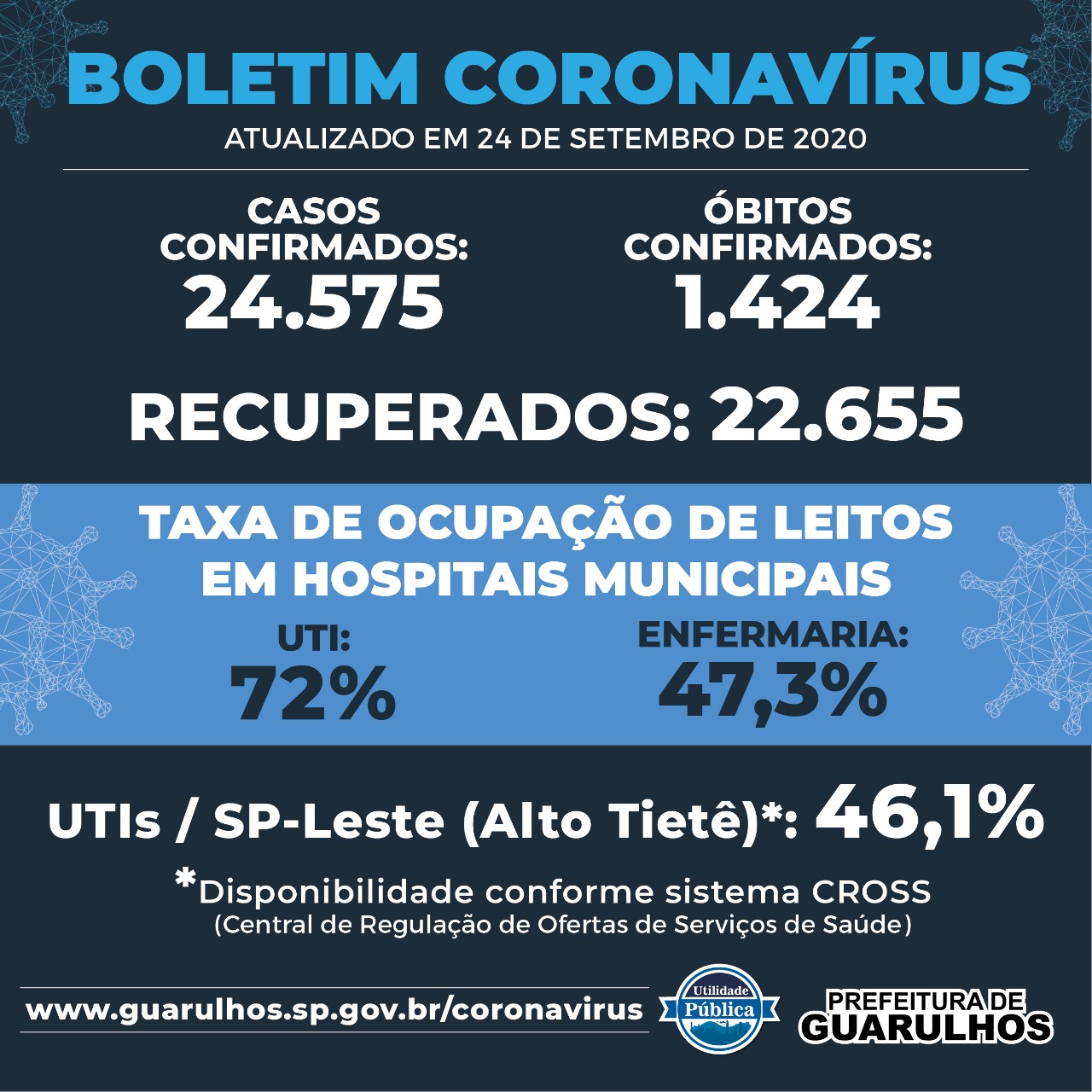 Dados da Vigilância Epidemiológica Municipal desta quinta-feira (24/09/2020):
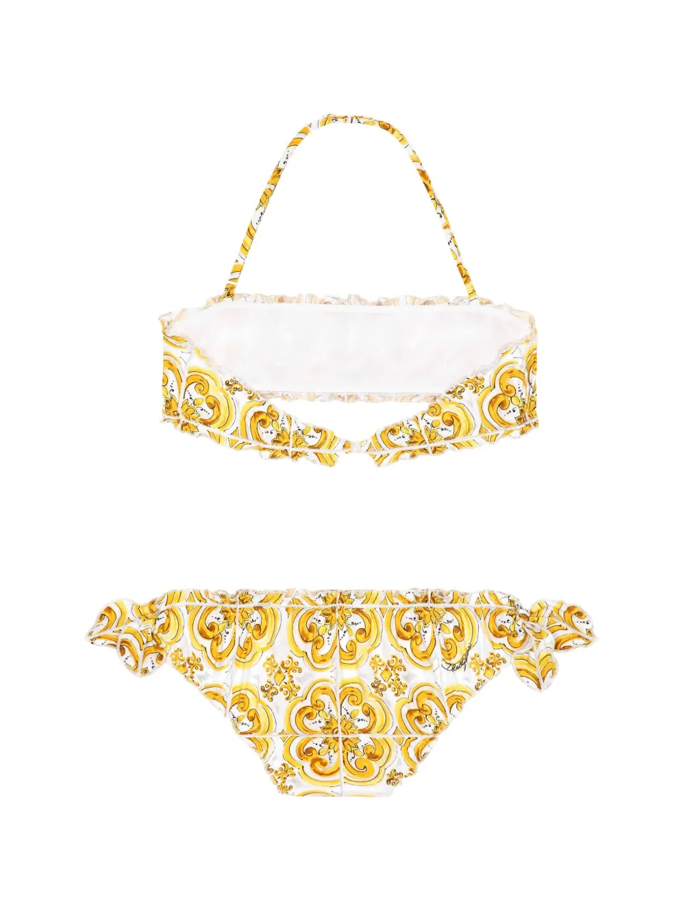 geel/wit Majolica print ruches details halternek bandeau sluiting aan de achterkant Majolica print striksluiting aan de zijkant Zwemkleding moet over je eigen kleding worden aangepast.
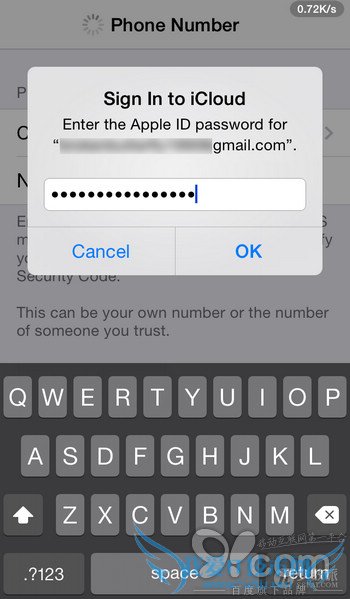 第十步:输入你在 iPhone 上登录的 iCloud 账户密码,然后点击登录面板右下角的「好」按钮登录。通过这一步系统将你的新的电话号码与 iCloud 账户进行绑定。
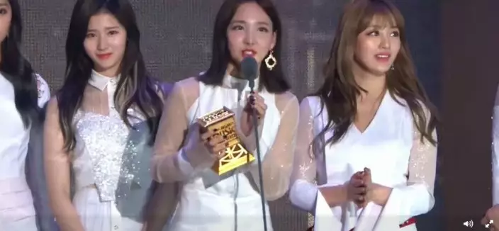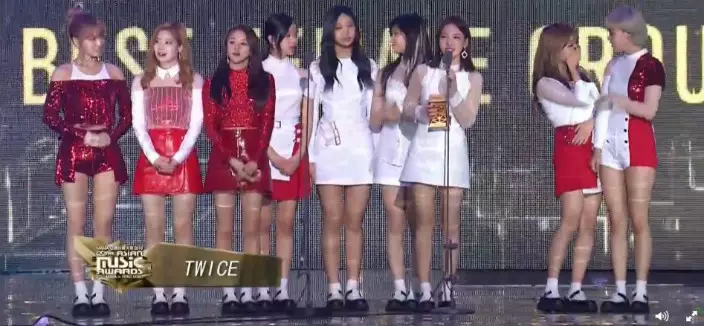出道僅一年兩個月的女團TWICE火速上位攞獎,她們表示多謝公司和工作人員,以及辛苦工作的經理人,指很幸福可以拿獎,更要多謝粉絲。
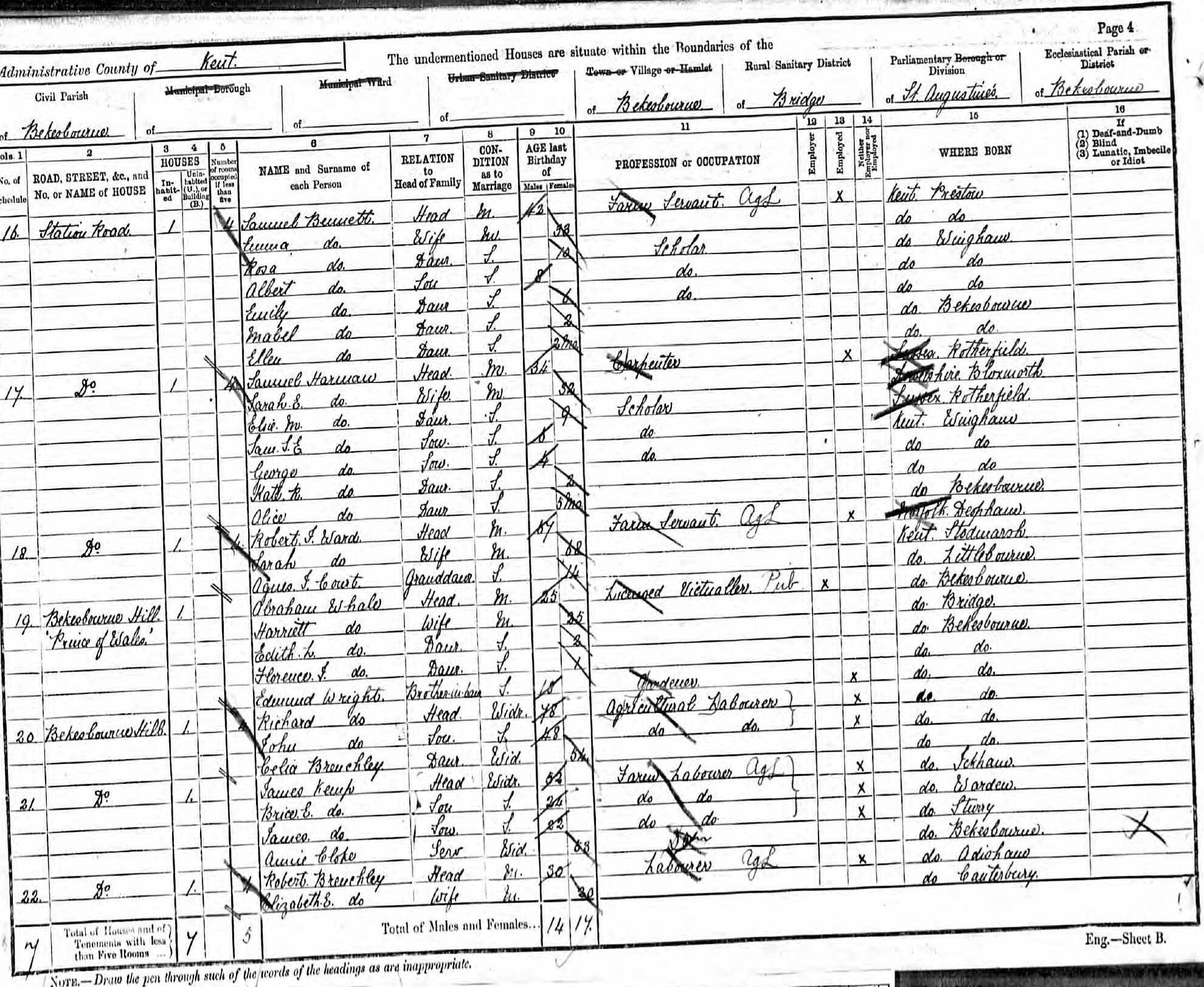 Throughout her life, Ellen lived in several places: on Station Road in Bekesbourne on Apr 5, 18912; at Netherton, Sibertswold, Kent, England on Mar 31, 19013; and at 2 Whittington Terrace in Sibertswold on Apr 2, 19114.
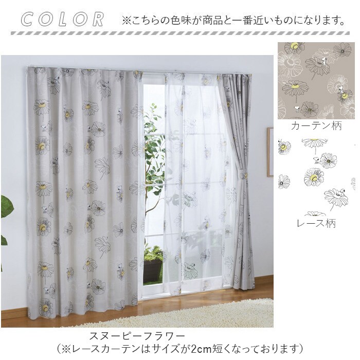 キャラクター 遮光・レースカーテン 4枚組【スヌーピーフラワー】
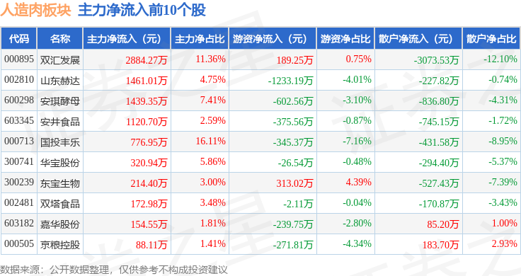 从资金流向上来看,当日人造肉板块主力资金净流出5.23亿元,游资资金净流入1.19亿元,散户资金净流入4.04亿元。人造肉板块个股资金流向见下表:
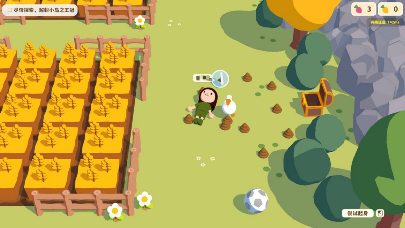 游戏支持多人联机!你可以和朋友在小岛上放空大脑随意自由自由探索,根据提示完成任务,或者是参与一些解谜小游戏和小玩具,又或者是拿游戏中的道具整蛊朋友(最喜欢变形大鹅去叨朋友哈哈),也可以种植蔬菜换硬币来玩扭蛋机。
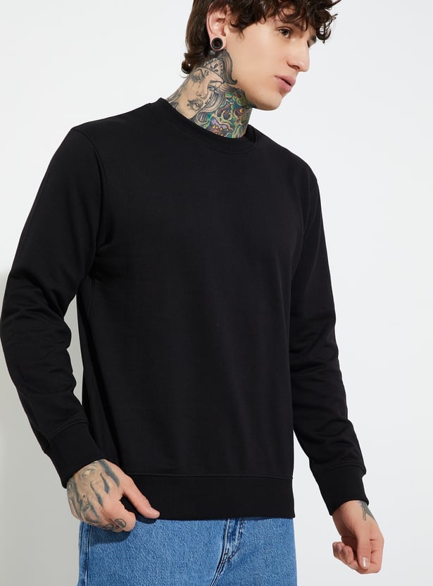 Stay comfortable and stylish in this knit sweatshirt, featuring a classic crew neck, full sleeves, and a ribbed hem for a secure fit. A versatile staple for layering on cooler days.
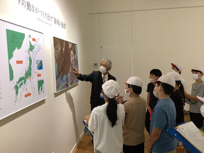 最初の見学施設である「ふじのくに地球環境史ミュージアム」につきました。様々な展示品を見たり、ガイドさんの話を聞いたりしながら、自然の歴史、これからの自然について考えています。
• • • • • • •
Directions:
In the records above, locate the line containing "出道僅一年兩個月的女團TWI", then copy exactly that line and every line after it through the end, omitting pictures.

Reply:
出道僅一年兩個月的女團TWICE火速上位攞獎,她們表示多謝公司和工作人員,以及辛苦工作的經理人,指很幸福可以拿獎,更要多謝粉絲。
 Throughout her life, Ellen lived in several places: on Station Road in Bekesbourne on Apr 5, 18912; at Netherton, Sibertswold, Kent, England on Mar 31, 19013; and at 2 Whittington Terrace in Sibertswold on Apr 2, 19114.
 キャラクター 遮光・レースカーテン 4枚組【スヌーピーフラワー】
 从资金流向上来看,当日人造肉板块主力资金净流出5.23亿元,游资资金净流入1.19亿元,散户资金净流入4.04亿元。人造肉板块个股资金流向见下表:
 游戏支持多人联机!你可以和朋友在小岛上放空大脑随意自由自由探索,根据提示完成任务,或者是参与一些解谜小游戏和小玩具,又或者是拿游戏中的道具整蛊朋友(最喜欢变形大鹅去叨朋友哈哈),也可以种植蔬菜换硬币来玩扭蛋机。
 Stay comfortable and stylish in this knit sweatshirt, featuring a classic crew neck, full sleeves, and a ribbed hem for a secure fit. A versatile staple for layering on cooler days.
 最初の見学施設である「ふじのくに地球環境史ミュージアム」につきました。様々な展示品を見たり、ガイドさんの話を聞いたりしながら、自然の歴史、これからの自然について考えています。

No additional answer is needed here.